1 of 1 found the following review helpful:
Great, but ERP-500 is better Apr 03, 2011
By A. B. Trevor
"Wyndover"
Too bad neither Amazon nor Watts carry the ERP-500, which is much quieter than the ERP1000 yet has plenty of capacity for an under-sink RO-system. I installed one on a Watts RO-Pure and it improved pressure at the faucet, cut waste water. It is not silent, but the clicks are quite soft. I had to call Watts to get specific installation instructions - the ones on their website do not cover the PURE-RO model. The following John Guest polypro fittings were required: 1/4" plug, two 1/4" unions, a 1/4" union tee, four 1/4"x1/4" stem elbows (for pump in tight installation). Add another T, union, shut-off valve and some 1/4" poly tubing to connect an ice maker.
Great when they work, but only last a couple of years Mar 27, 2011
By Al Krusemark
"chip"
Seems the warranty is 25 months, but very soon after mine completely stops working. Would be nice if there were a way for me to repair it, but looks pretty well sealed....
Looking for other solutions...
3 of 5 found the following review helpful:
Works but it's LOUD! Jul 29, 2010
By J. Rice
"Computer Geek"
I have been using a Whirlpool WHER25 Reverse Osmosis system in my home for about 2 years to filter our well water (which is high in nitrates). We recently purchased a new fridge with a built in ice maker and I wanted to hook the feed line up to both the R.O. faucet and the ice maker. I was concerned about the water pressure being enough for the ice maker to function. Because we are on a well, we have barely 50PSI. After some searching, I found this pump, which seemed like the perfect fix.
Pump was shipped quickly and arrived in excellent condition. Installation was relatively straight forward. If you have a "manifold" type R.O. system (like I do) the installation becomes a little more tricky, but not impossible. In my case (using the whirlpool WHER25), I installed the pump in the yellow water line coming from the manifold leading to the storage tank. I also had to ad a bypass tube so the faucet would work. The diagram I used can be found here: [...]. The bypass on the permeate in/out side is critical for operation.

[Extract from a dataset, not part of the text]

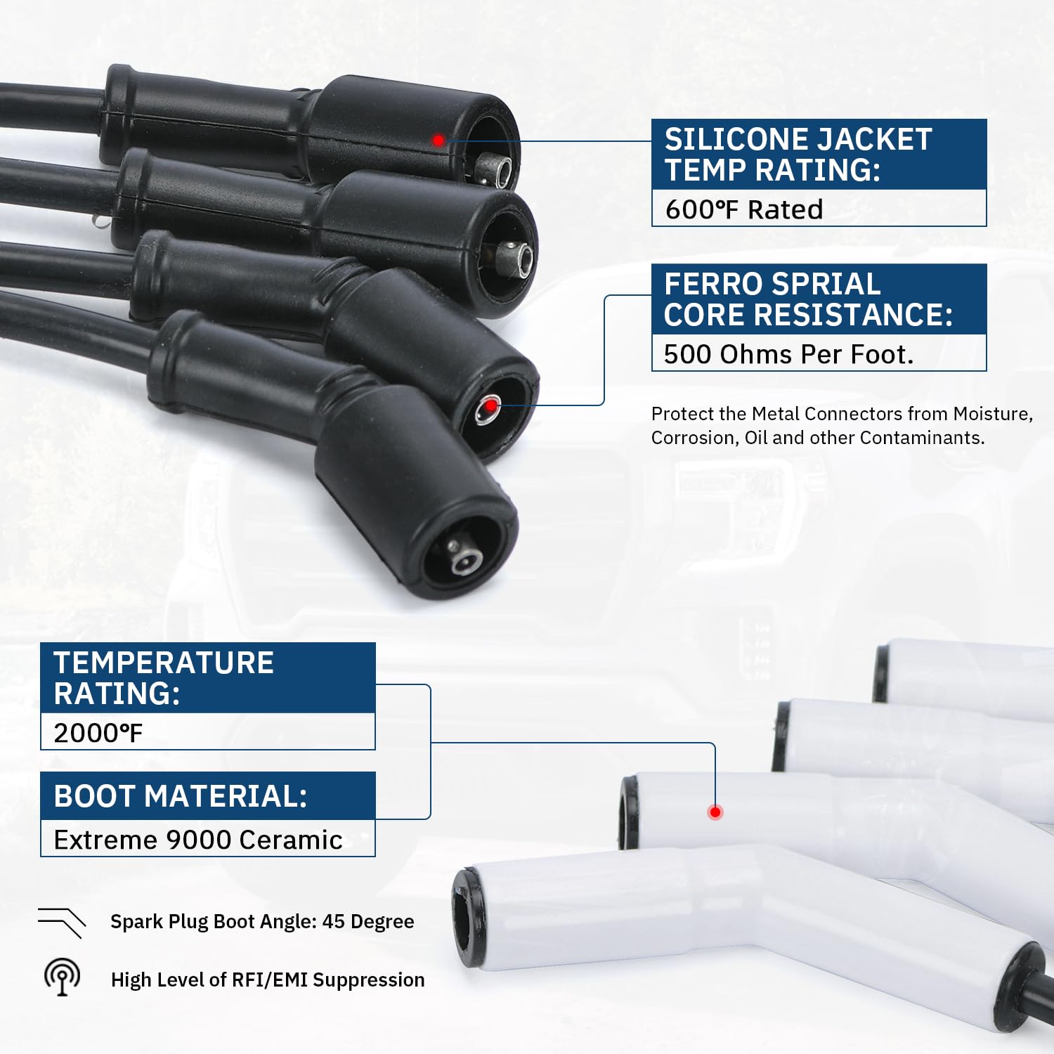 Os cabos deste conjunto possuem botas cerâmicas na extremidade das velas, capazes de suportar temperaturas de até 2.000°F. O núcleo espiral de ferro apresenta uma resistência de 500 Ohms por pé, enquanto a construção em silicone dos fios tem uma classificação de temperatura de 600°F. Esses recursos garantem durabilidade e desempenho superior em condições extremas.

All in all, the pump does exactly what it said it would do. My water pressure is much better and my total dissolved solids reading has actually gone down slightly (From 24ppm to 19ppm). I also noticed that I have steady water pressure up until the pressure tank is almost completely empty, which was not the case before I installed this pump. My ice maker works perfectly and we still have great pressure at the R.O. faucet.
My only gripe (and reason for three stars) THIS THING IS LOUD. It makes a "tick-tock" type of noise when it is running. My kitchen sink is about 15 feet from where we sit and watch TV each night, so it is becoming annoying. If your kitchen is right next to the living area, or you just plain like quiet, I wouldn't mount this under your sink.